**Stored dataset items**
################
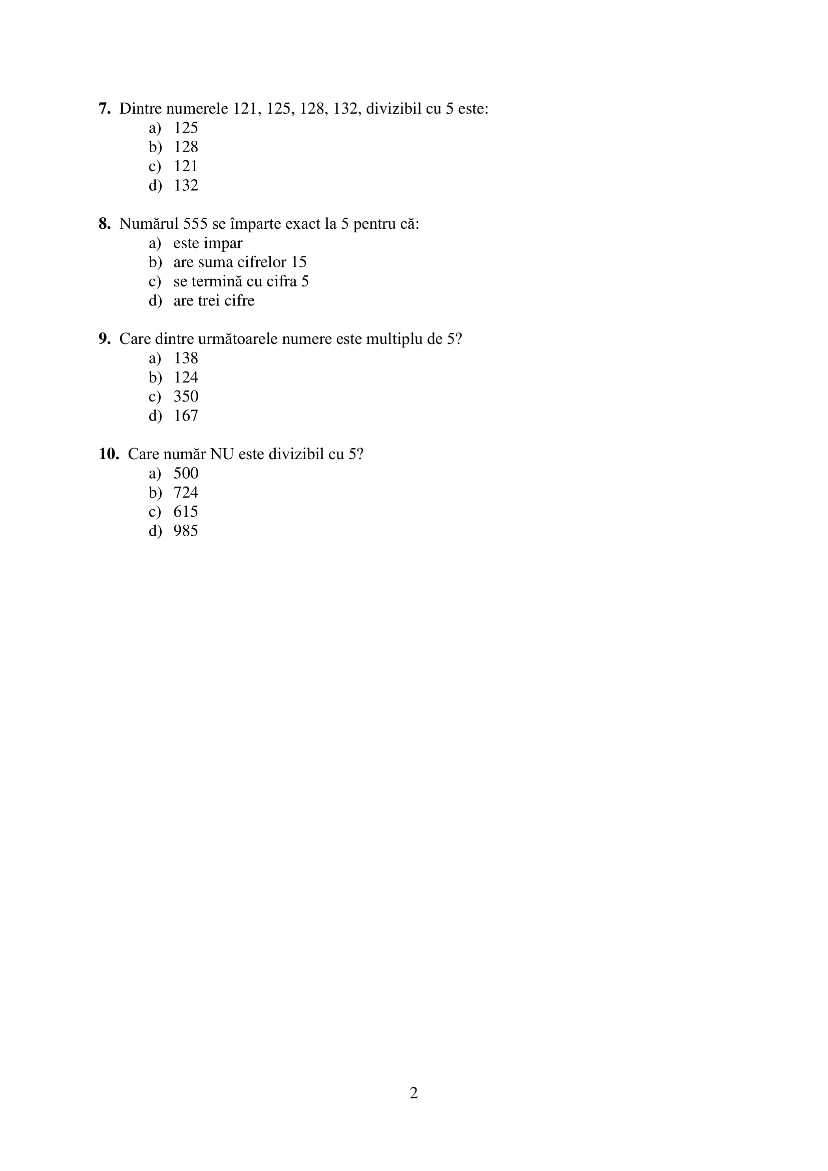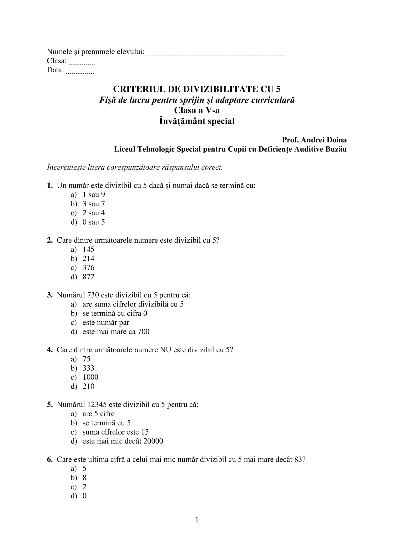 Fișă de lucru Clasa a V-a Învățământ special -Criteriul de divizibilitate cu 5( Sprijin și adaptare curriculară)
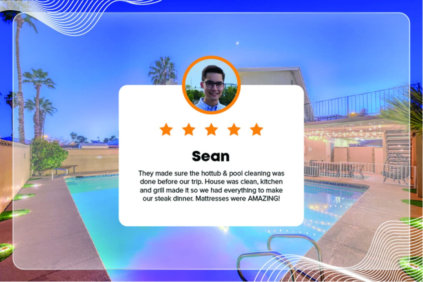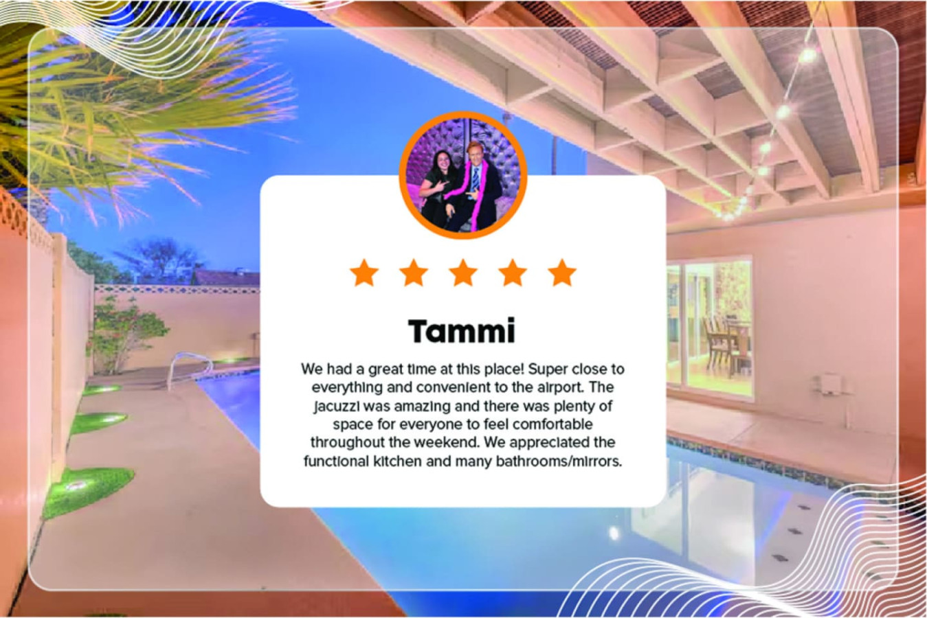 February 2025 5.00We had a great time at this place! Super close to everything and convenient to the airport. The jacuzzi was amazing and there was plenty of space for everyone to feel comfortable throughout the weekend. We appreciated the functional kitchen and many bathrooms/mirrors.
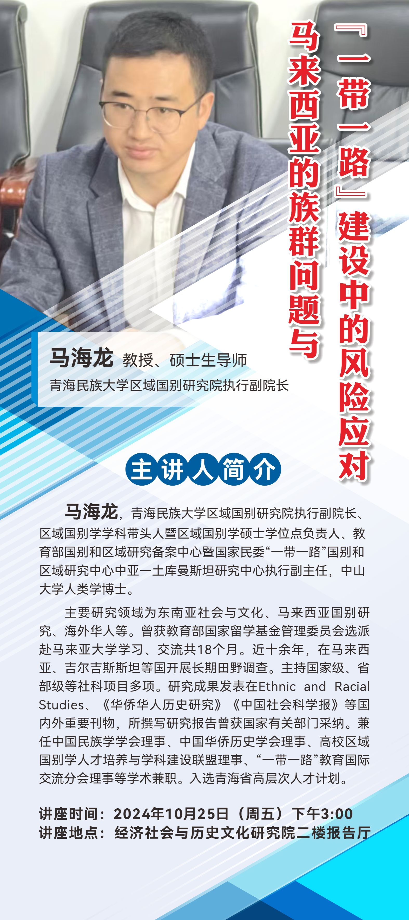 讲座预告:马海龙教授讲座 马来西亚的族群问题与“一带一路”建设中的风险应对
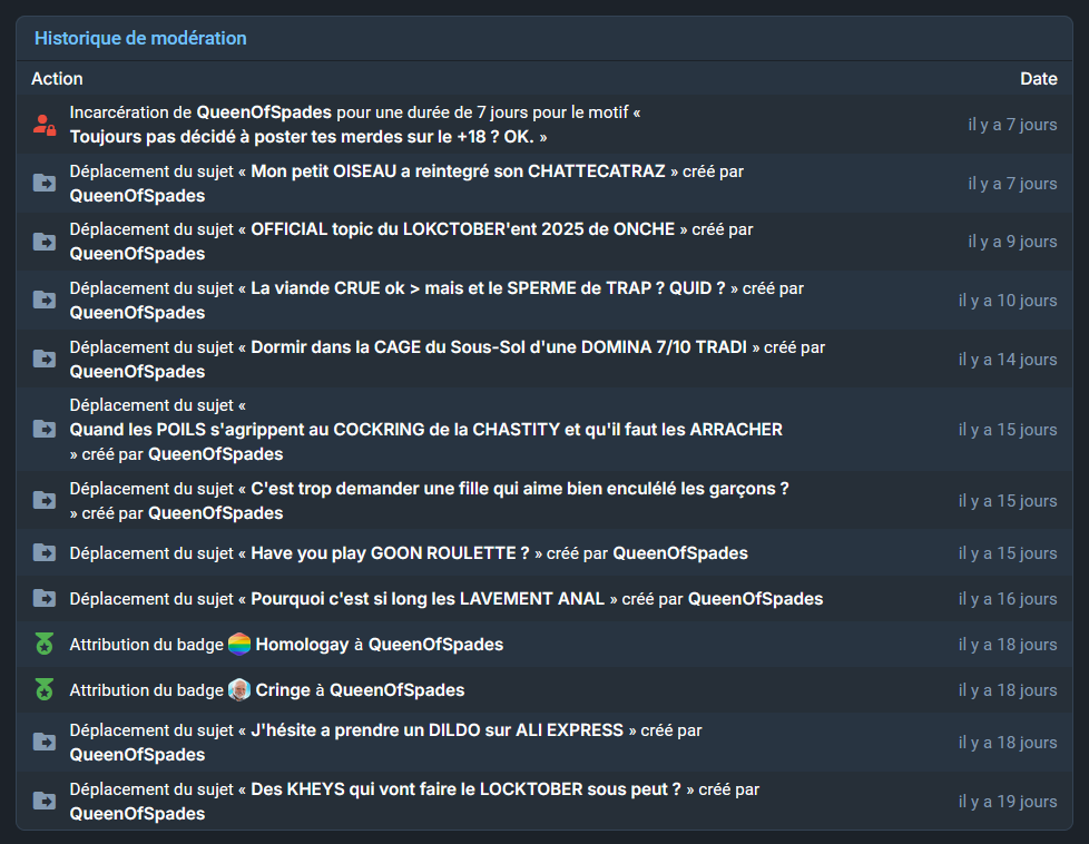 Déplacement du sujet «Vous aussi vous faites des dessins avec votre sperme» créé par Misereil y a 2 jours
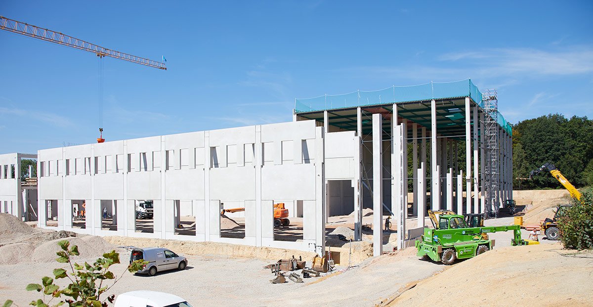 Schon von der viel befahrenen A61 aus ist es gut zu erkennen: Das neue Logistikzentrum von Sander am Standort Wiebelsheim im Hunsrück nimmt bereits deutlich Form an. Die Inbetriebnahme ist für Herbst 2019 geplant.
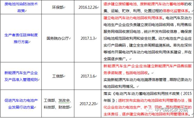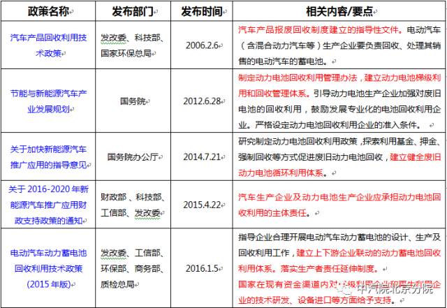 從上表可以看出,車用動力電池回收政策逐步完善,已經(jīng)明確了動力電池回收責(zé)任主體,并在多項政策中強調(diào)了“生產(chǎn)者責(zé)任延伸制度”,但在落實方面仍存在一定困難。
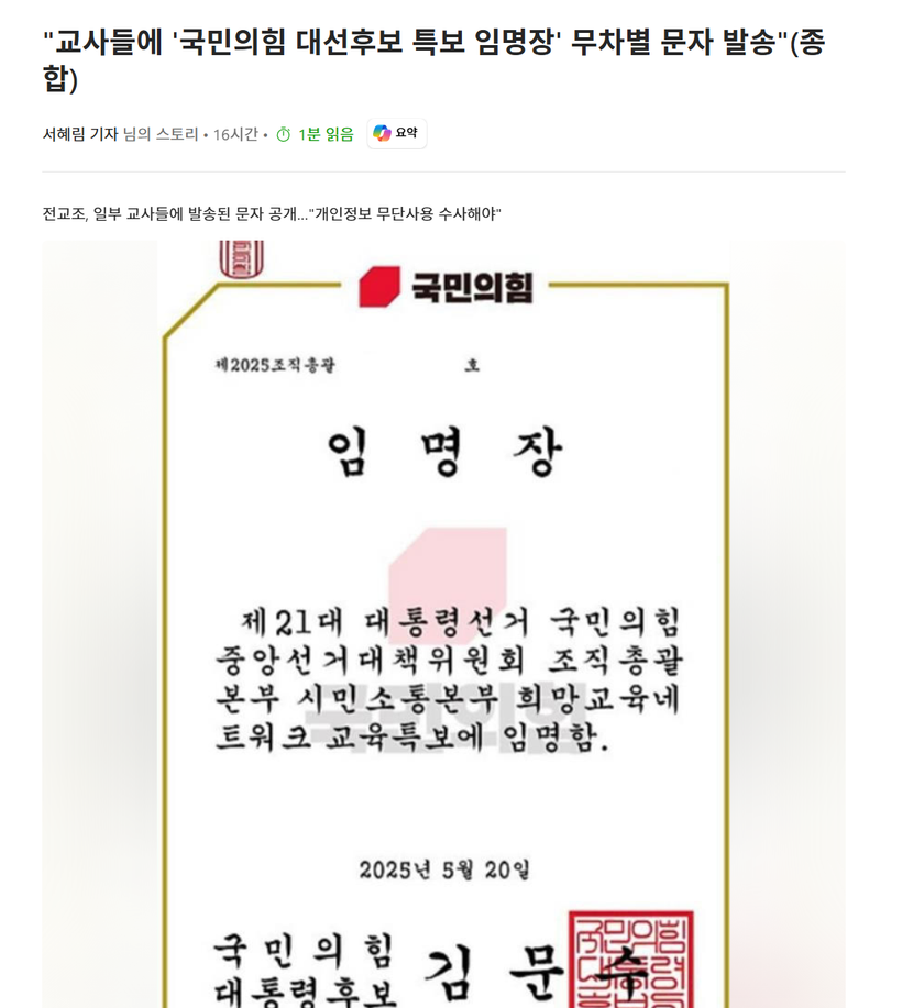 전체[일반잡담] "교사들에 '국민의힘 대선후보 특보 임명장' 무차별 문자 발송"
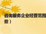 大家好,小聯(lián)來為大家解答以上的問題。咨詢服務(wù)企業(yè)經(jīng)營(yíng)范圍有哪些,咨詢服務(wù)企業(yè)經(jīng)營(yíng)范圍有哪些這個(gè)很多人還不知道,現(xiàn)在讓我們一起來看看吧 瀏覽全文>>
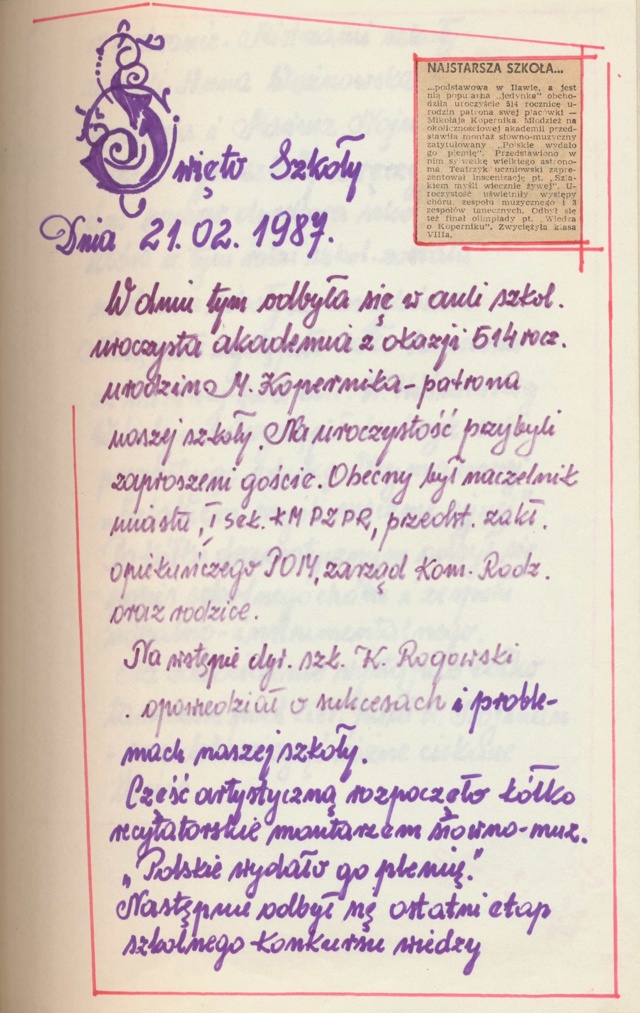 Słowa kluczowe: kronika, Mikołaj Kopernik, SP1, Szkoła Podstawowa nr 1, Kopernika, szkoła
################
**Problem to work on**
With the pictures omitted, reproduce the data above exactly.

**Completed task**
 Fișă de lucru Clasa a V-a Învățământ special -Criteriul de divizibilitate cu 5( Sprijin și adaptare curriculară)
 February 2025 5.00We had a great time at this place! Super close to everything and convenient to the airport. The jacuzzi was amazing and there was plenty of space for everyone to feel comfortable throughout the weekend. We appreciated the functional kitchen and many bathrooms/mirrors.
 讲座预告:马海龙教授讲座 马来西亚的族群问题与“一带一路”建设中的风险应对
 Déplacement du sujet «Vous aussi vous faites des dessins avec votre sperme» créé par Misereil y a 2 jours
 Schon von der viel befahrenen A61 aus ist es gut zu erkennen: Das neue Logistikzentrum von Sander am Standort Wiebelsheim im Hunsrück nimmt bereits deutlich Form an. Die Inbetriebnahme ist für Herbst 2019 geplant.
 從上表可以看出,車用動力電池回收政策逐步完善,已經(jīng)明確了動力電池回收責(zé)任主體,并在多項政策中強調(diào)了“生產(chǎn)者責(zé)任延伸制度”,但在落實方面仍存在一定困難。
 전체[일반잡담] "교사들에 '국민의힘 대선후보 특보 임명장' 무차별 문자 발송"
 大家好,小聯(lián)來為大家解答以上的問題。咨詢服務(wù)企業(yè)經(jīng)營(yíng)范圍有哪些,咨詢服務(wù)企業(yè)經(jīng)營(yíng)范圍有哪些這個(gè)很多人還不知道,現(xiàn)在讓我們一起來看看吧 瀏覽全文>>
 Słowa kluczowe: kronika, Mikołaj Kopernik, SP1, Szkoła Podstawowa nr 1, Kopernika, szkoła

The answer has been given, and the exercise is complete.